• TASK TO COMPLETE:
Among the entries that follow, locate the line with "Interior lined in" and the line with "A rack-mount monitor". Output those lines and all lines in between, exactly, minus the pictures.

• RECORDS SUPPLIED:
________________________________________
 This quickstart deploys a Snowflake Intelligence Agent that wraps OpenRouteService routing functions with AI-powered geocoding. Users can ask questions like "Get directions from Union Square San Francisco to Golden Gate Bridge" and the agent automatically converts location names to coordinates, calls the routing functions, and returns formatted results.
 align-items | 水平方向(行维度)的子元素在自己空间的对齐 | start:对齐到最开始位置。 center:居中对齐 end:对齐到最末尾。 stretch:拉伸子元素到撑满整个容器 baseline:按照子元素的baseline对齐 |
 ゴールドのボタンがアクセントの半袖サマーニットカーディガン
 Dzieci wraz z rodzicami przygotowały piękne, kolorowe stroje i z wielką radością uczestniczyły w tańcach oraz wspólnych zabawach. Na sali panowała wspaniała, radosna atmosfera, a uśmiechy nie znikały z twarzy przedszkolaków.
________________________________________
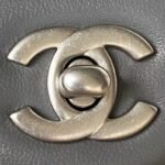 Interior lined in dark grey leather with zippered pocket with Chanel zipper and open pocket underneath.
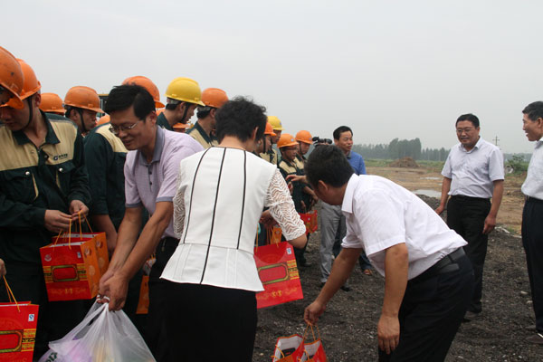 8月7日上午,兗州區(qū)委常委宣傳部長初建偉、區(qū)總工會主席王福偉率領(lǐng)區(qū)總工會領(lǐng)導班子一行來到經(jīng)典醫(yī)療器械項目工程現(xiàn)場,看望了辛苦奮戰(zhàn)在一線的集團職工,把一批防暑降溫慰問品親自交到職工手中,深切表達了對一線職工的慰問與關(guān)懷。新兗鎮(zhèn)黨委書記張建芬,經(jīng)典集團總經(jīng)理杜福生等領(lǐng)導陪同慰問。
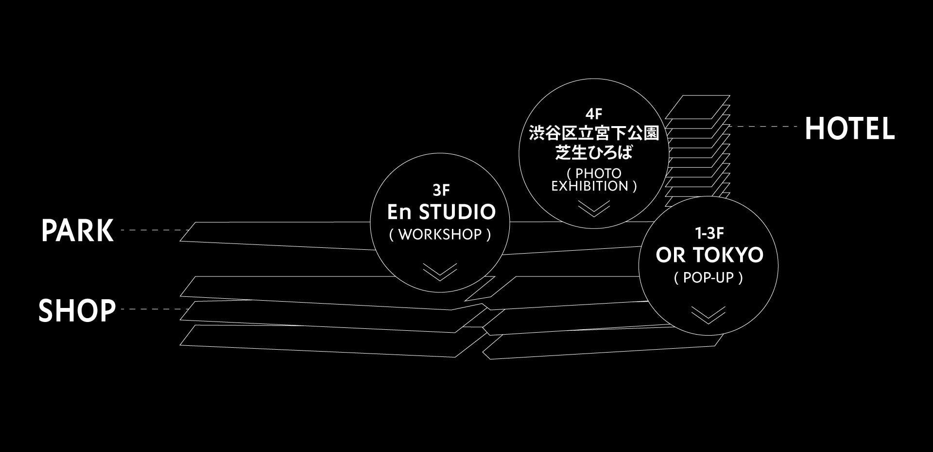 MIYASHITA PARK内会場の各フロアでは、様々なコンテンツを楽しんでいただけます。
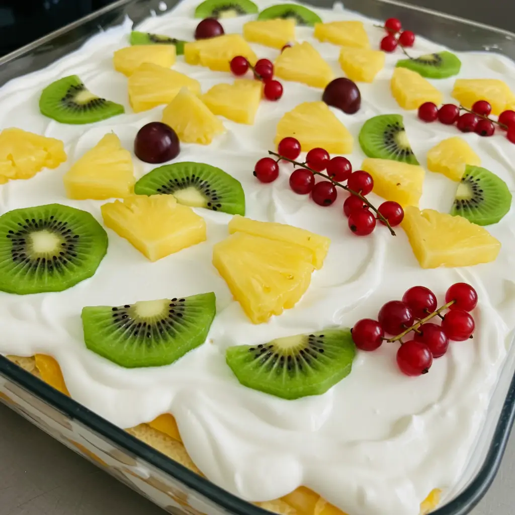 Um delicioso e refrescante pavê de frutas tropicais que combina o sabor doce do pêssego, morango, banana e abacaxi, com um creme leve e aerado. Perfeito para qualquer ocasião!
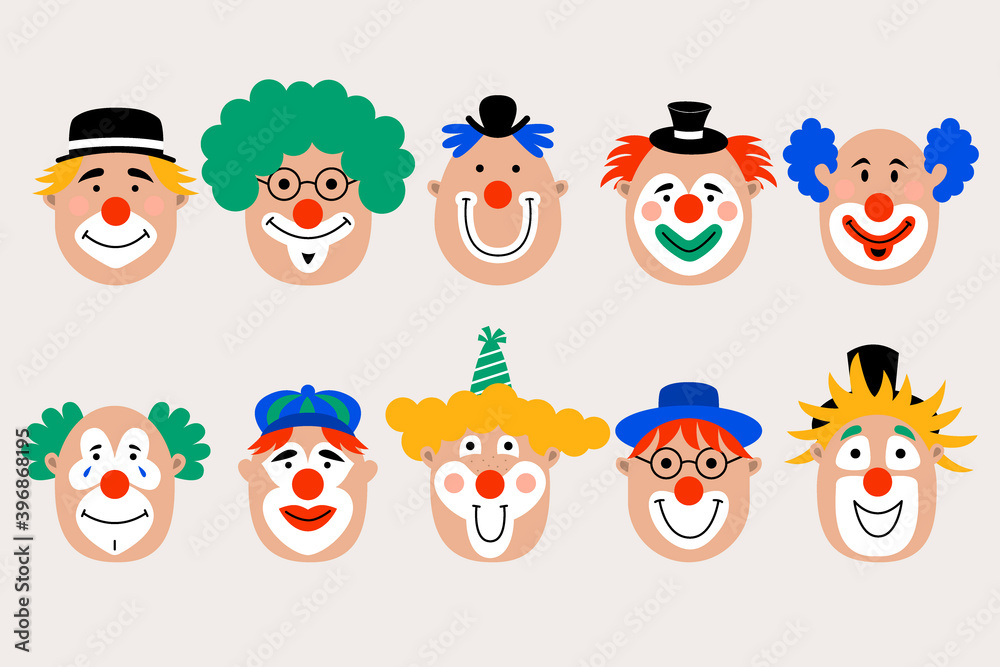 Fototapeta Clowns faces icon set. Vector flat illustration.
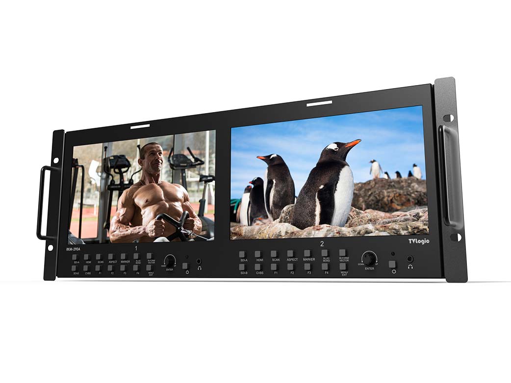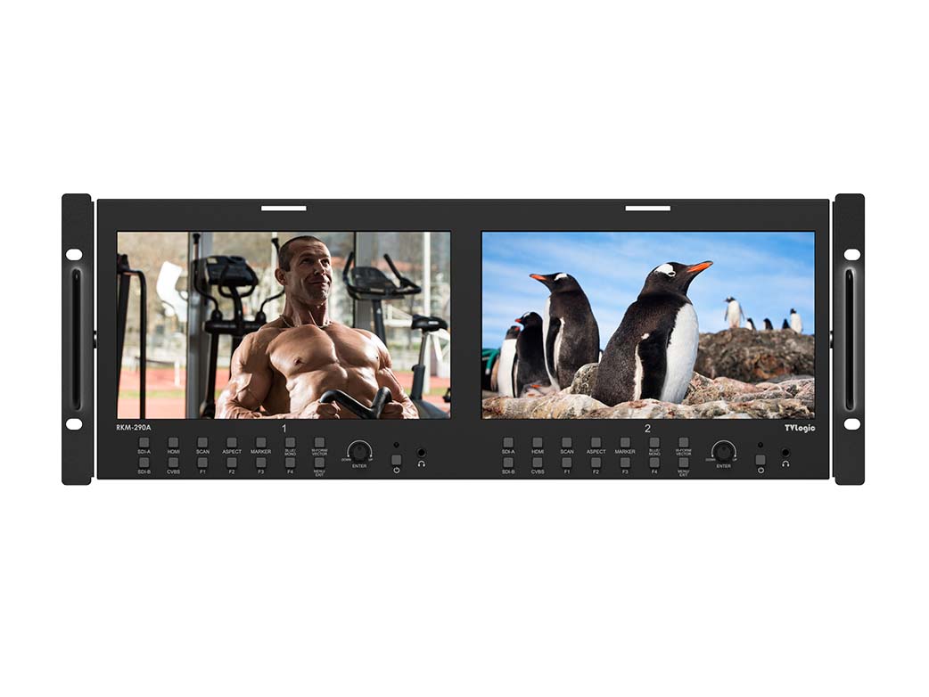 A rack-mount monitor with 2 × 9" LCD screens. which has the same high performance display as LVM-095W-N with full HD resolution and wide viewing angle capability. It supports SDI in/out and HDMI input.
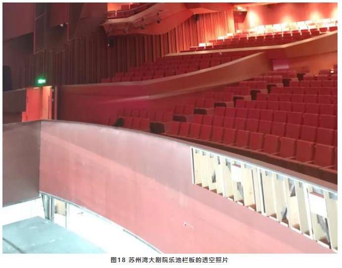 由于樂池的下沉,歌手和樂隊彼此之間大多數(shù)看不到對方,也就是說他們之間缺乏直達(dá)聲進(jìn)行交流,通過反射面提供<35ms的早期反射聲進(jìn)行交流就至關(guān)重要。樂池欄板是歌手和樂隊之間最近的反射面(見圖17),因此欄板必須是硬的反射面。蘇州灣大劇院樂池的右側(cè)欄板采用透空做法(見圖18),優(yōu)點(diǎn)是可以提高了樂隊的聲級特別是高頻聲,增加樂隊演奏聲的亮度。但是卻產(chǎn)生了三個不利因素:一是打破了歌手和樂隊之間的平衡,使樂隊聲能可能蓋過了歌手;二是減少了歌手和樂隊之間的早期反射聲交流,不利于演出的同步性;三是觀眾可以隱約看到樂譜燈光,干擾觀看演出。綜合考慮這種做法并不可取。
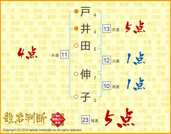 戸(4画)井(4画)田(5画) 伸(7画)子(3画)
________________________________________
• FINISHED EXERCISE:
 Interior lined in dark grey leather with zippered pocket with Chanel zipper and open pocket underneath.
 8月7日上午,兗州區(qū)委常委宣傳部長初建偉、區(qū)總工會主席王福偉率領(lǐng)區(qū)總工會領(lǐng)導班子一行來到經(jīng)典醫(yī)療器械項目工程現(xiàn)場,看望了辛苦奮戰(zhàn)在一線的集團職工,把一批防暑降溫慰問品親自交到職工手中,深切表達了對一線職工的慰問與關(guān)懷。新兗鎮(zhèn)黨委書記張建芬,經(jīng)典集團總經(jīng)理杜福生等領(lǐng)導陪同慰問。
 MIYASHITA PARK内会場の各フロアでは、様々なコンテンツを楽しんでいただけます。
 Um delicioso e refrescante pavê de frutas tropicais que combina o sabor doce do pêssego, morango, banana e abacaxi, com um creme leve e aerado. Perfeito para qualquer ocasião!
 Fototapeta Clowns faces icon set. Vector flat illustration.
 A rack-mount monitor with 2 × 9" LCD screens. which has the same high performance display as LVM-095W-N with full HD resolution and wide viewing angle capability. It supports SDI in/out and HDMI input.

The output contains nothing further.